[Given information]
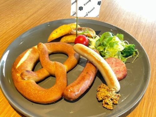 (ソーセージつきプレート&プレッツェルソフトクリームは今回、試作中のものをいただきましたが、プレッツェルフェア期間中のみの販売になります)
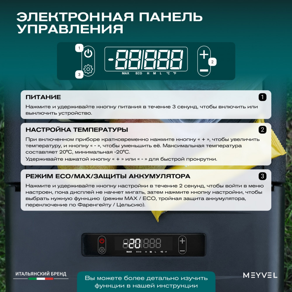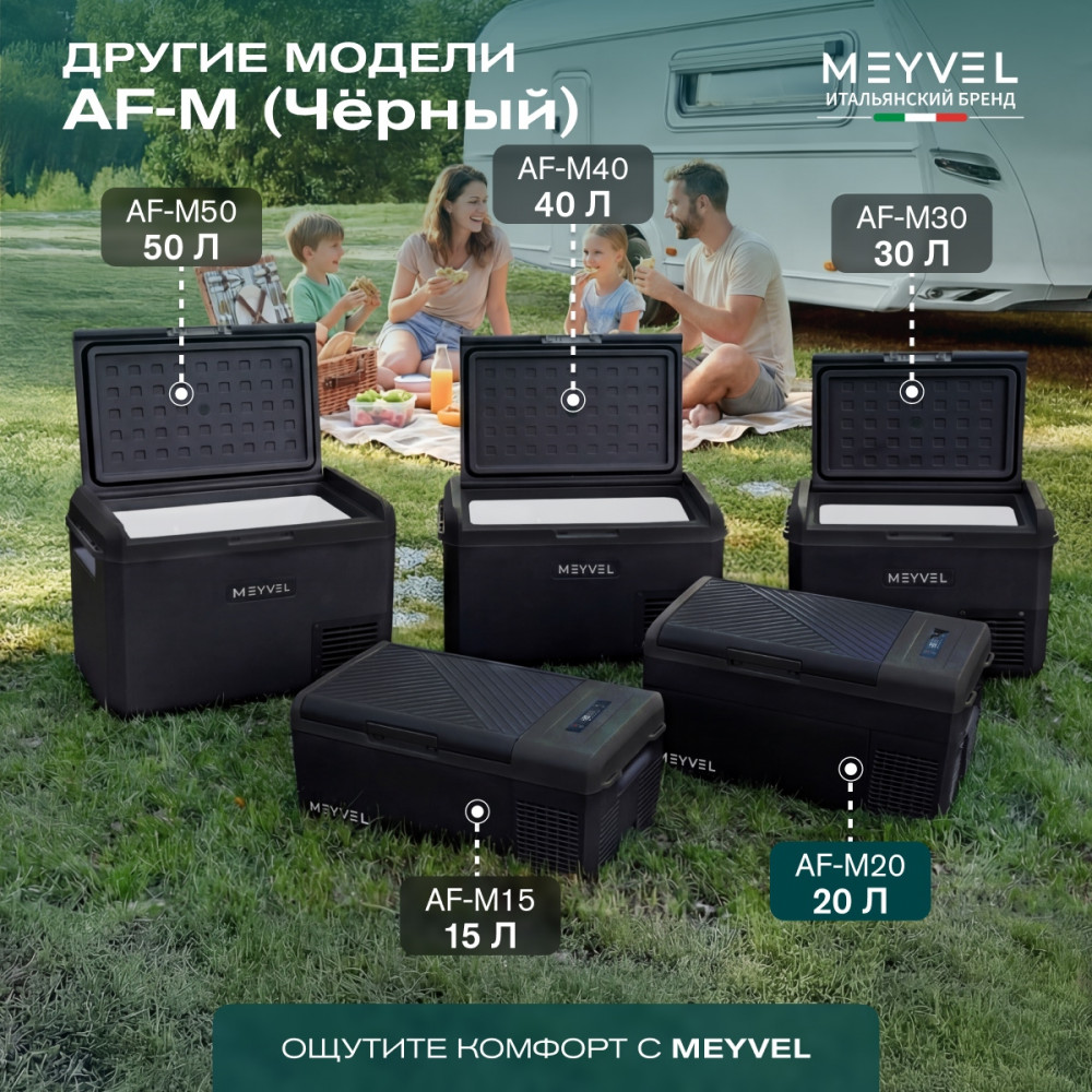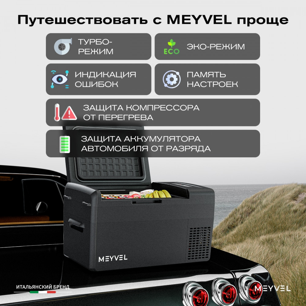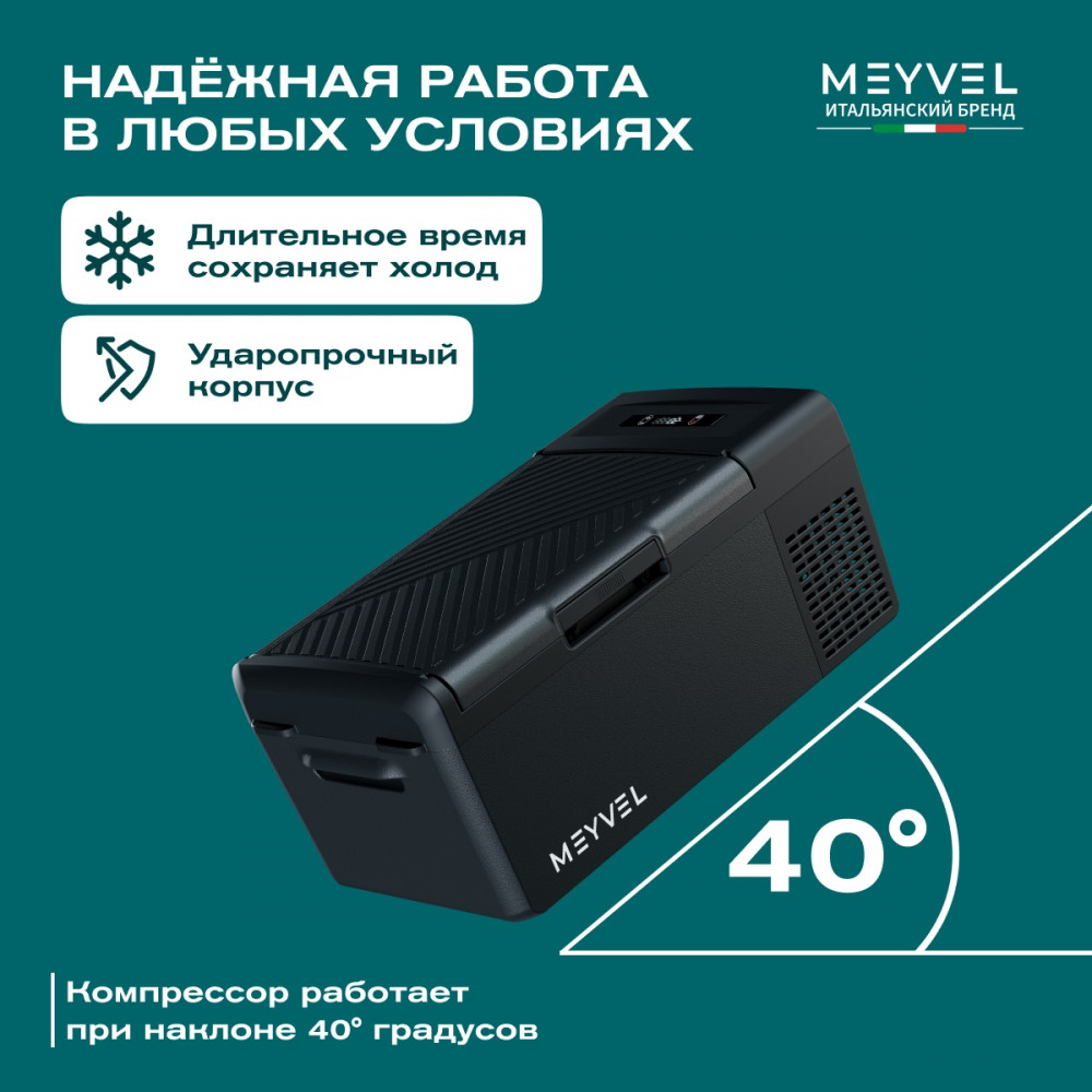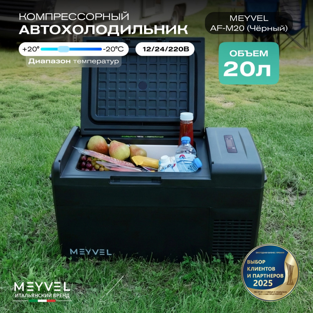 ОписаниеКомпрессорный автохолодильник Meyvel AF-M20 (Чёрный) (Black) Автохолодильник Meyvel AF-M20 (Чёрный) (Black) — это надежное и функциональное устройство, созданное для тех, кто часто путешествует или проводит время на природе. Этот бюджетный и удобный холодильник обеспечит сохранность продуктов и напитков, независимо от условий. Удобство подключения Meyvel AF-M20 (Чёрный) (Black) поддерживает несколько источников питания. Вы можете использовать его в автомобилях, подключив к сети 12/24 В через прикуриватель, или приобрести дополнительный кабель питания на 220 В, чтобы включать устройство в домашних условиях. Емкость и функциональность Емкость однокамерной модели AF-M20 (Чёрный) (Black) — 20 л. Работает как холодильник или морозильник, потому что температурный диапазон варьируется от +20 до -20°С. Поэтому наслаждаться свежими продуктами получится, независимо от того, находитесь ли вы в пути или на отдыхе. Есть два режима работы: максимальный и экономичный. Первый работает на максимальной мощности и быстро достигает заданной температуры, а второй — экономит энергию, постепенно достигая заданной температуры. Понятная панель управления Модуль управления прост и интуитивно понятен. Его удобная панель снабжена дисплеем, на котором отображается текущая температура внутри холодильника. Это помогает легко контролировать ее и при необходимости вносить изменения, обеспечивая оптимальные условия хранения. Тихая работа Meyvel AF-M20 (Чёрный) (Black) работает очень тихо, учитывая современные требования к комфортному использованию, — уровень шума не превышает 35 дБ. Это делает его идеальным выбором для ночных поездок, кемпинга или в случаях, когда важно сохранить тишину. Компактность Корпус изготовлен из прочного пластика и прекрасно изолирован благодаря полиуретановой пене высокой плотности. Это гарантирует долгосрочную эксплуатацию и эффективное сохранение температуры. Благодаря компактным размерам холодильник легко разместить в автомобиле или взять его с собой в поход. Простая транспортировка Холодильник продуман не только функционально, но и с точки зрения удобства использования. У него есть ручки для переноски и предусмотрена защелка крышки, предотвращающая случайное открытие во время движения, что особенно важно при активном использовании. Переносной компрессорный автохолодильник Meyvel AF-M20 (Чёрный) (Black) — это отличное решение для дальнобойщиков, любителей путешествий, пикников и выездов на природу. С его помощью вы сможете легко сохранять свежесть продуктов и охлаждать напитки в любых условиях. Он станет вашим надежным спутником в любом приключении. Преимущества автохолодильника Meyvel AF-M20 (Чёрный) (Black) Поддержание температуры от +20 до -20°С. Низкий уровень шума менее 35 дБ. Внутренний объем 20 л. Компактный и ударопрочный корпус. Защита от разряда аккумулятора. Безопасный и экологически чистый хладагент R134a. Индикация ошибок на дисплее. Подключение через прикуриватель. Защелка крышки и ручка для переноски. Meyvel AF-M20 (Чёрный) (Black) комплектация Автохолодильник. Кабель питания 12/24В. Инструкция. Упаковка.
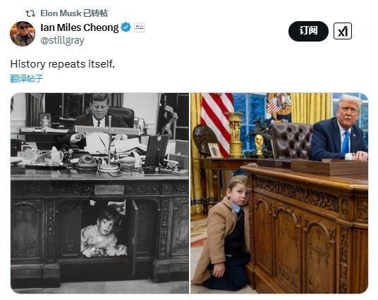马斯克晒儿子和特朗普, 怎么主角成了小孩? 马斯克在社交平台, 发了儿子小X和特朗普的合照。 四岁的小X, 在白宫椭圆办公室里, 动来动去 。 学爸爸手势 , 还摸马斯克耳朵。 特朗普笑着说, 他人聪明很棒。 马斯克还放了小X, 和小肯尼迪当年玩的对比图。 本来像是他, 和特朗普关系缓和的场面 。 大家眼光却, 落在小孩身上。 有人笑说小X, 抢光风头 。 白宫最酷娃是他。 两个大人同框 , 怎么赢的是孩子。 是不是这种不经意的鲜活 , 比场面话更让人记得住。

[Task instructions] Keep the pictures out and transcribe the listing exactly.

[Result]
 (ソーセージつきプレート&プレッツェルソフトクリームは今回、試作中のものをいただきましたが、プレッツェルフェア期間中のみの販売になります)
 ОписаниеКомпрессорный автохолодильник Meyvel AF-M20 (Чёрный) (Black) Автохолодильник Meyvel AF-M20 (Чёрный) (Black) — это надежное и функциональное устройство, созданное для тех, кто часто путешествует или проводит время на природе. Этот бюджетный и удобный холодильник обеспечит сохранность продуктов и напитков, независимо от условий. Удобство подключения Meyvel AF-M20 (Чёрный) (Black) поддерживает несколько источников питания. Вы можете использовать его в автомобилях, подключив к сети 12/24 В через прикуриватель, или приобрести дополнительный кабель питания на 220 В, чтобы включать устройство в домашних условиях. Емкость и функциональность Емкость однокамерной модели AF-M20 (Чёрный) (Black) — 20 л. Работает как холодильник или морозильник, потому что температурный диапазон варьируется от +20 до -20°С. Поэтому наслаждаться свежими продуктами получится, независимо от того, находитесь ли вы в пути или на отдыхе. Есть два режима работы: максимальный и экономичный. Первый работает на максимальной мощности и быстро достигает заданной температуры, а второй — экономит энергию, постепенно достигая заданной температуры. Понятная панель управления Модуль управления прост и интуитивно понятен. Его удобная панель снабжена дисплеем, на котором отображается текущая температура внутри холодильника. Это помогает легко контролировать ее и при необходимости вносить изменения, обеспечивая оптимальные условия хранения. Тихая работа Meyvel AF-M20 (Чёрный) (Black) работает очень тихо, учитывая современные требования к комфортному использованию, — уровень шума не превышает 35 дБ. Это делает его идеальным выбором для ночных поездок, кемпинга или в случаях, когда важно сохранить тишину. Компактность Корпус изготовлен из прочного пластика и прекрасно изолирован благодаря полиуретановой пене высокой плотности. Это гарантирует долгосрочную эксплуатацию и эффективное сохранение температуры. Благодаря компактным размерам холодильник легко разместить в автомобиле или взять его с собой в поход. Простая транспортировка Холодильник продуман не только функционально, но и с точки зрения удобства использования. У него есть ручки для переноски и предусмотрена защелка крышки, предотвращающая случайное открытие во время движения, что особенно важно при активном использовании. Переносной компрессорный автохолодильник Meyvel AF-M20 (Чёрный) (Black) — это отличное решение для дальнобойщиков, любителей путешествий, пикников и выездов на природу. С его помощью вы сможете легко сохранять свежесть продуктов и охлаждать напитки в любых условиях. Он станет вашим надежным спутником в любом приключении. Преимущества автохолодильника Meyvel AF-M20 (Чёрный) (Black) Поддержание температуры от +20 до -20°С. Низкий уровень шума менее 35 дБ. Внутренний объем 20 л. Компактный и ударопрочный корпус. Защита от разряда аккумулятора. Безопасный и экологически чистый хладагент R134a. Индикация ошибок на дисплее. Подключение через прикуриватель. Защелка крышки и ручка для переноски. Meyvel AF-M20 (Чёрный) (Black) комплектация Автохолодильник. Кабель питания 12/24В. Инструкция. Упаковка.
马斯克晒儿子和特朗普, 怎么主角成了小孩? 马斯克在社交平台, 发了儿子小X和特朗普的合照。 四岁的小X, 在白宫椭圆办公室里, 动来动去 。 学爸爸手势 , 还摸马斯克耳朵。 特朗普笑着说, 他人聪明很棒。 马斯克还放了小X, 和小肯尼迪当年玩的对比图。 本来像是他, 和特朗普关系缓和的场面 。 大家眼光却, 落在小孩身上。 有人笑说小X, 抢光风头 。 白宫最酷娃是他。 两个大人同框 , 怎么赢的是孩子。 是不是这种不经意的鲜活 , 比场面话更让人记得住。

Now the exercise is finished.